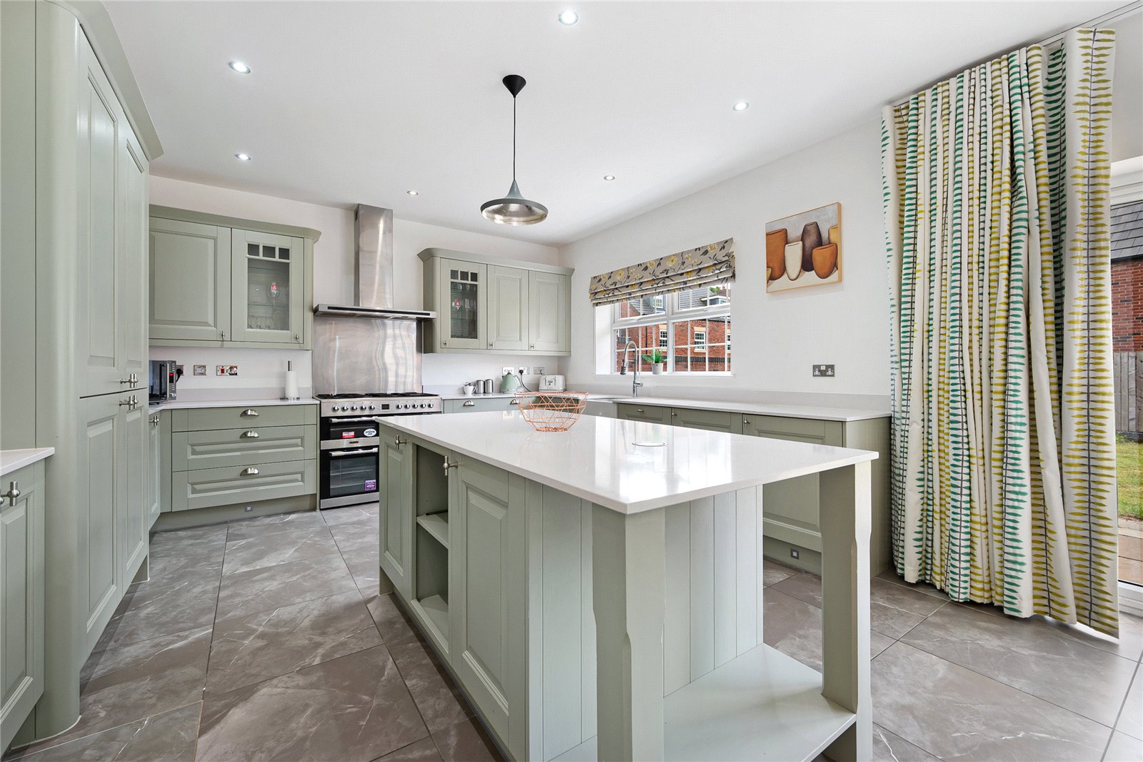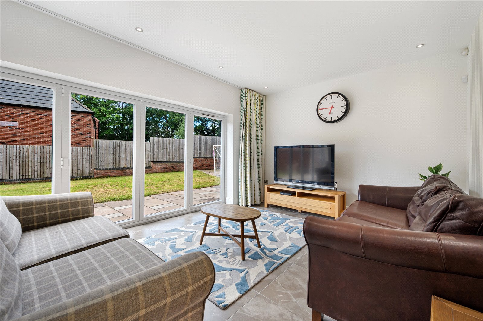 The heart of the ground floor is undoubtedly the generous open-plan kitchen and living area, accessed through double doors. This expansive space is perfect for both family gatherings and entertaining guests, with a seamless flow to the garden at the rear through bi-folding doors.
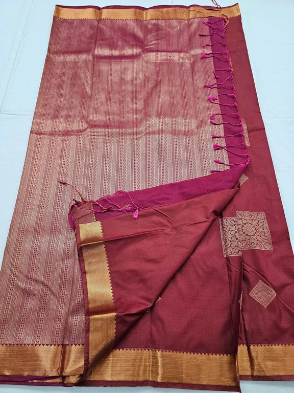 This Semi-silk saree pairs beautifully with traditional gold jewelry or minimalist accessories for a more modern look
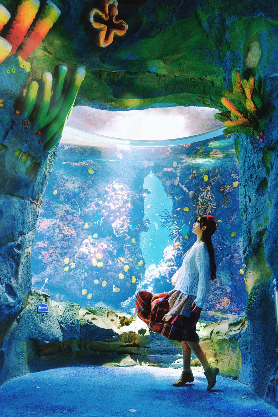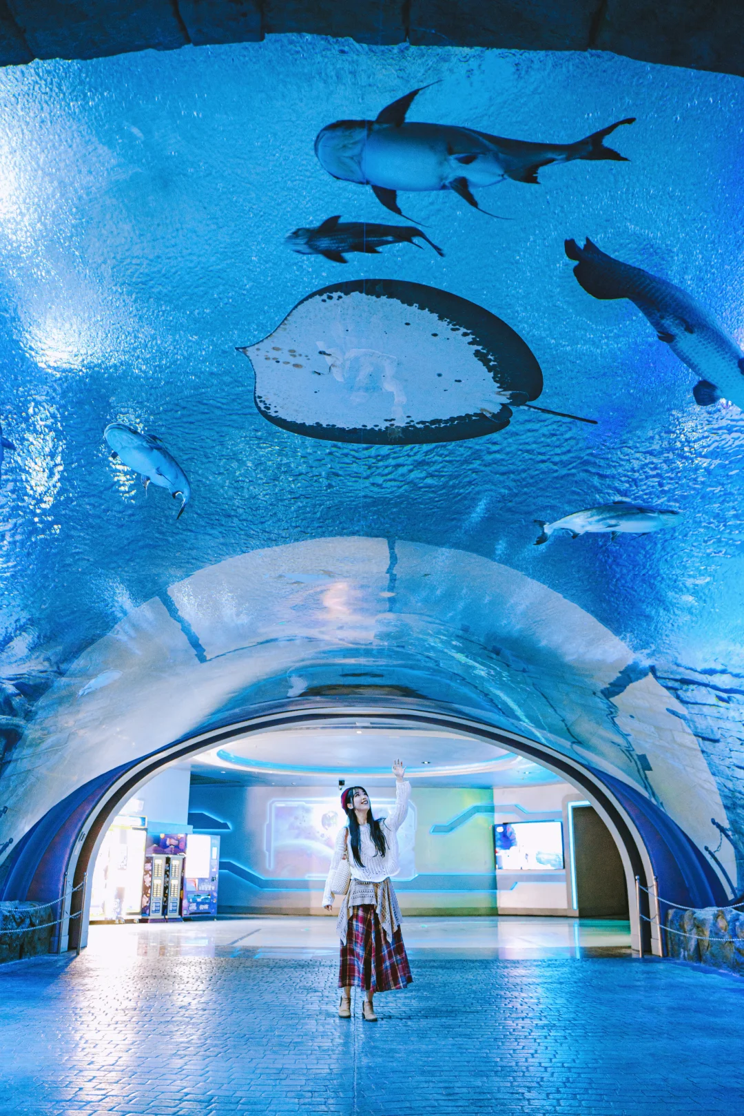 ✅ 亚细亚星球隧道:巨大的鱼群从头顶慢悠悠游过,仿佛穿越深海秘境,站在中间拍背影真的美爆

Exercise >> Beginning with the line that contains "This Semi-silk saree" and ending with the final line of the listing, return each line exactly. Omit all pictures.

Written response >>
 This Semi-silk saree pairs beautifully with traditional gold jewelry or minimalist accessories for a more modern look
 ✅ 亚细亚星球隧道:巨大的鱼群从头顶慢悠悠游过,仿佛穿越深海秘境,站在中间拍背影真的美爆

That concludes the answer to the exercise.